• **What needs to be done**: All of the data should be output character for character, except the pictures.

-- Data segment follows --

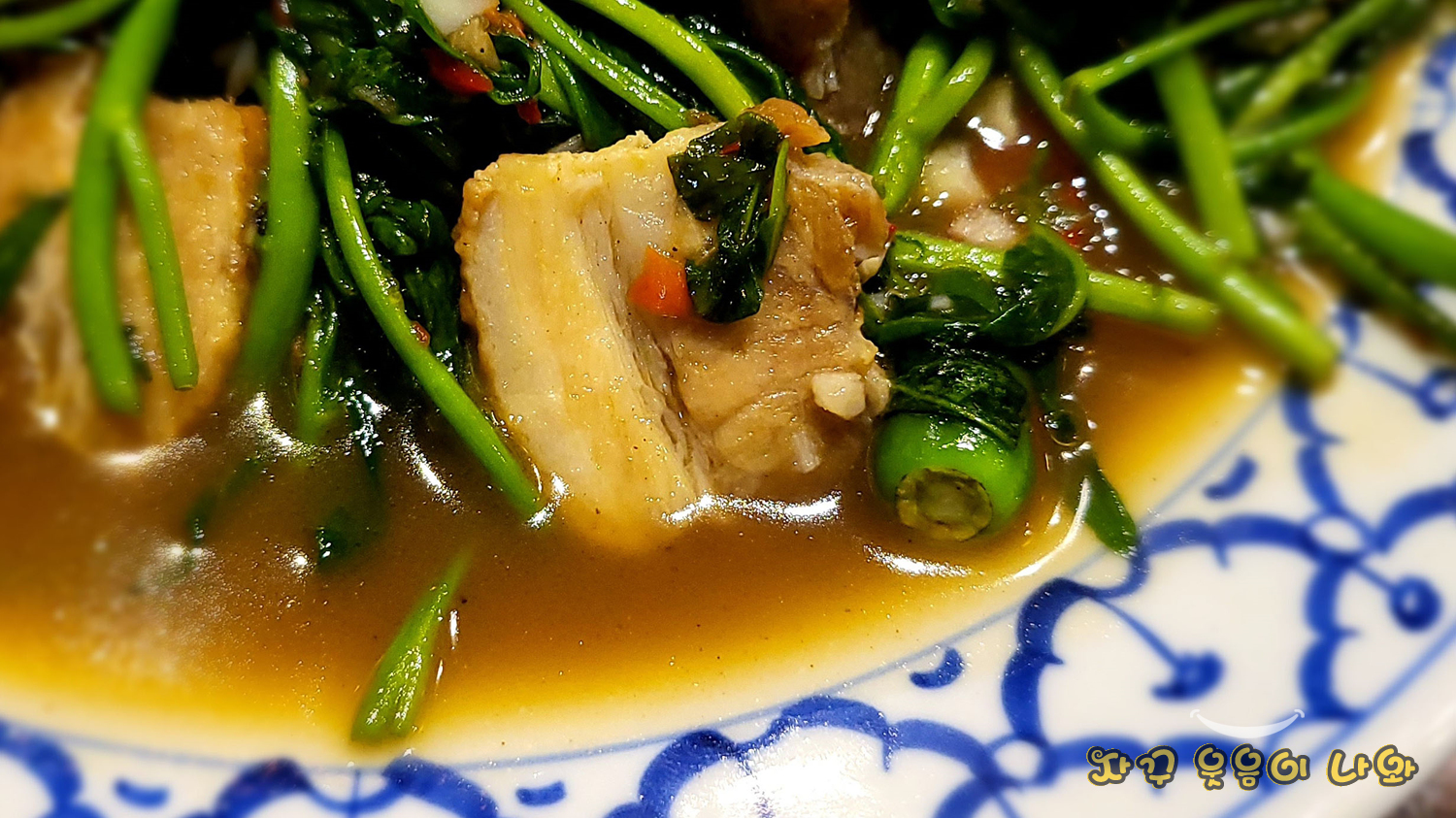공심채는 제가 좋아하는 요리인데요. 보통 동남아 음식점에 가면 꼭 주문하는 요리 중 하나입니다. 굴소스와 어울린 공심채 식감과 함께 약간 매콤한 맛을 보이는데요. 역시 삼겹살이 들어간것 보다는 순수한 공심채볶음이 더 저에게는 맛는 것 같습니다.
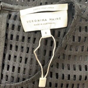 Veronika Maine Black grid mesh asymmetric top size 8 NWT
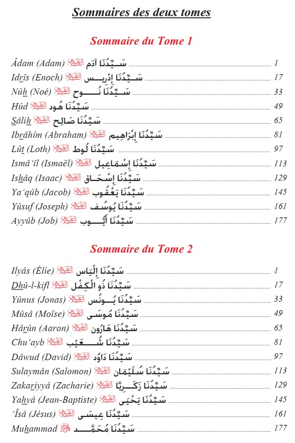 Les Prophètes et Messagers ne sont jamais dessinés (leur présence peut être indiquée parfois par une lumière)... Cet ouvrage en 2 tomes, richement illustré, avec texte bilingue (français et arabe vocalisé) comprend les 24 récits ci-dessous :
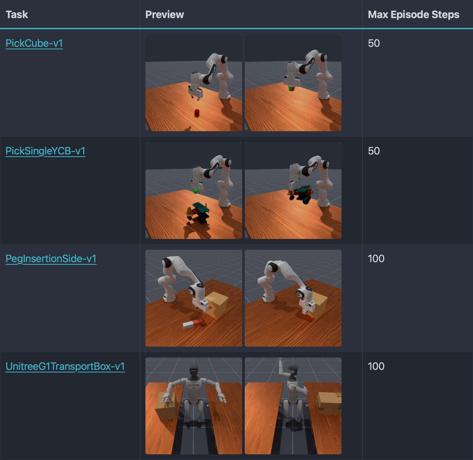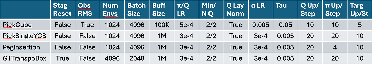 For simplicity, we keep learning rate, buffer size, etc the same for PickSingleYCB, PegInsertionSide, and UnitreeG1TransportBox. We make an exception for PickCube, the easiest task in our suite. Because PickCube is fairly easy to solve, we can use higher learning rate, more aggressive Q-target polyak averaging, smaller buffer size, etc, without worrying about training instability.

-- Data segment concluded --

• **Exercise solution**:
공심채는 제가 좋아하는 요리인데요. 보통 동남아 음식점에 가면 꼭 주문하는 요리 중 하나입니다. 굴소스와 어울린 공심채 식감과 함께 약간 매콤한 맛을 보이는데요. 역시 삼겹살이 들어간것 보다는 순수한 공심채볶음이 더 저에게는 맛는 것 같습니다.
 Veronika Maine Black grid mesh asymmetric top size 8 NWT
 Les Prophètes et Messagers ne sont jamais dessinés (leur présence peut être indiquée parfois par une lumière)... Cet ouvrage en 2 tomes, richement illustré, avec texte bilingue (français et arabe vocalisé) comprend les 24 récits ci-dessous :
 For simplicity, we keep learning rate, buffer size, etc the same for PickSingleYCB, PegInsertionSide, and UnitreeG1TransportBox. We make an exception for PickCube, the easiest task in our suite. Because PickCube is fairly easy to solve, we can use higher learning rate, more aggressive Q-target polyak averaging, smaller buffer size, etc, without worrying about training instability.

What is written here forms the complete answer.